There are basically two strategies for taking images:
- Expose a single frame for a long time
- Expose many individual frames for a short period of time each and average them together
The first method introduces several problems. First of all a long exposure can easily be ruined by a crossing airplane, bad tracking or if someone accidentally bumps the camera. Also, a long exposure will start to overexpose the brightest parts of the image, and no detail will therefore be recorded there. Finally there is the noise problem – the longer the exposure, the more noise. For these reasons the second method is preferable.
I do not have a motorized equatorial mount yet, so I have not used stacking to bring out faint objects. In stead I have been using the technique to make star trail images and in this post I will describe how I do it.
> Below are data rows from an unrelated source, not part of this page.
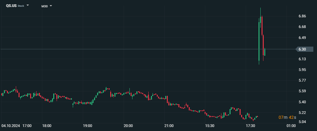 QuantumScape Corp (QS.US) zaznamenal prudký růst akcií poté, co společnost oznámila zahájení výroby svých prvních B-vzorkových bateriových článků a jejich odeslání k testování automobilovým zákazníkům. Tento milník byl označen za nejdůležitější cíl společnosti pro rok 2024. QuantumScape, který je na misi transformovat energetické úložiště pomocí pevné lithium-kovové bateriové technologie, navrhl své baterie nové generace, aby poskytovaly vyšší energetickou hustotu, rychlejší nabíjení a lepší bezpečnost, což podporuje přechod k nízkoemisní budoucnosti.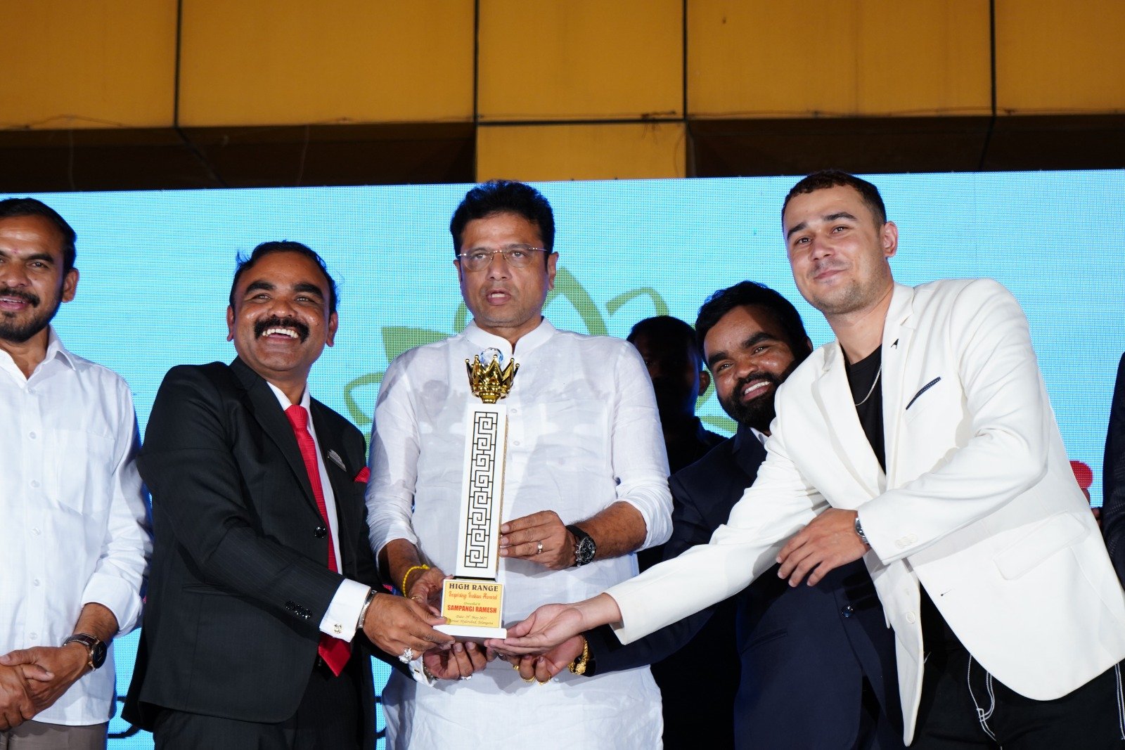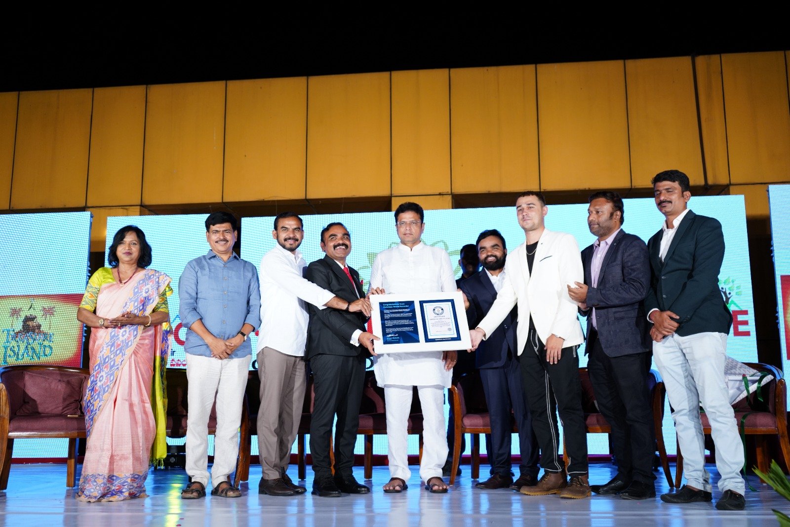At a special event held in Hyderabad, Telangana Minister Duddilla Sridhar Babu attended as the chief guest and, in the presence of Guinness Book representatives, presented the Guinness World Record certificate to the Sampanghi Group. On this occasion, the minister praised Dr. Ramesh Sampanghi and Suresh Sampanghi for their visionary leadership and commended their dedicated service to society.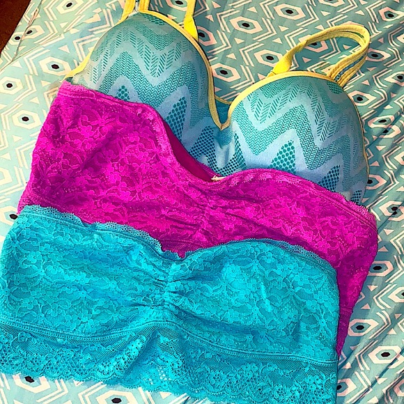 The two bralettes are from aerie and the Sports bra is from Walmart . Nothing is new but all is in good condition

I begin with 80 images. They are all in the RAW format, but any format will work. Each image is a 60s exposure of the night sky with some trees in the foreground. The tripod remained fixed throughout the shooting, so the trees are in the same place in each image, and a combined image will show the stars as trails across the sky.
At first I open all the images in Photoshop and go through them one by one to check if they are usable. A plane has crossed the field of view in image 74 and 75 and I therefore discard images 74-80. Just discarding image 74 and 75 would leave a hole in the star trails.
Next I copy and paste each image into the same window. This turns them into layers. For each layer (except for the bottom one) I then change the blending mode to “lighten”. The easiest way to do this is to change the blending mode for just one layer, then right click and select “copy layer style”, select the rest of the layers and right click and select “paste layer style”.
And voilà – that’s it! You can see the result here.